Trauma team activation criteria: aiming for 90% and above
Background:
As trauma patients require immediate access to specialized care, trauma team activation (TTA) criteria were developed with the goal of ensuring the necessary resources are immediately available. Criteria are based on mechanism of injury and presenting physiologic criteria, anatomic criteria or special considerations. This triggers a system-wide response to respond immediately to the acutely injured trauma patient.
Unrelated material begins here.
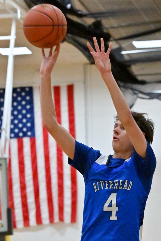 From the opening tip, Riverhead was on a mission. Peter Lagnena was the key scorer early on and didn’t miss. The junior sharpshooter posted 15 points in the first quarter as the Blue Waves grabbed an early 20-point lead.

A compliance of 90% or higher is required at all times.
Methods:
A retrospective analysis examined the compliance of TTAs for patients who met the criteria. Owing to low compliance, TTA criteria were updated to align with local destination guidelines and Centers for Disease Control and Prevention recommendations. A decision support tool was created to assist emergency staff to determine if patients met criteria on arrival and subsequently initiate a TTA. Additional reference material (lanyard cards and emergency department [ED] memo, used by charge nurses to collect information about incoming patients) were all updated for consistency.
Results:
In collaboration with the ED, the trauma team developed TTA criteria to ensure that the resources necessary to address the clinical needs of injured patients are immediately available. With the goal of improving the compliance of TTA to 90% and to meet the core indicator threshold for Accreditation Canada’s Trauma Distinction for patients who meet criteria, the compliance rate improved from 77%–89% to 91%–100%. The reference material for the ED at Vancouver General Hospital served as a guide that the team used in real time to guide decision-making. All missed activation cases were reviewed collaboratively between the trauma team and ED to determine the cause and areas of improvement.
Conclusion:
Activating a TTA provides immediate resources to seriously injured trauma patients, and is vital to saving lives. By creating a decision support tool and revising reference material available in the ED, TTA compliance for patients who meet criteria improved from 77%–89% to 91%–100%. The reference material serves as a guideline to activate and assemble the trauma team in order to expedite care of critical or seriously injured patients who require rapid, organized trauma resuscitation, evaluation and stabilization to promote optimal outcomes.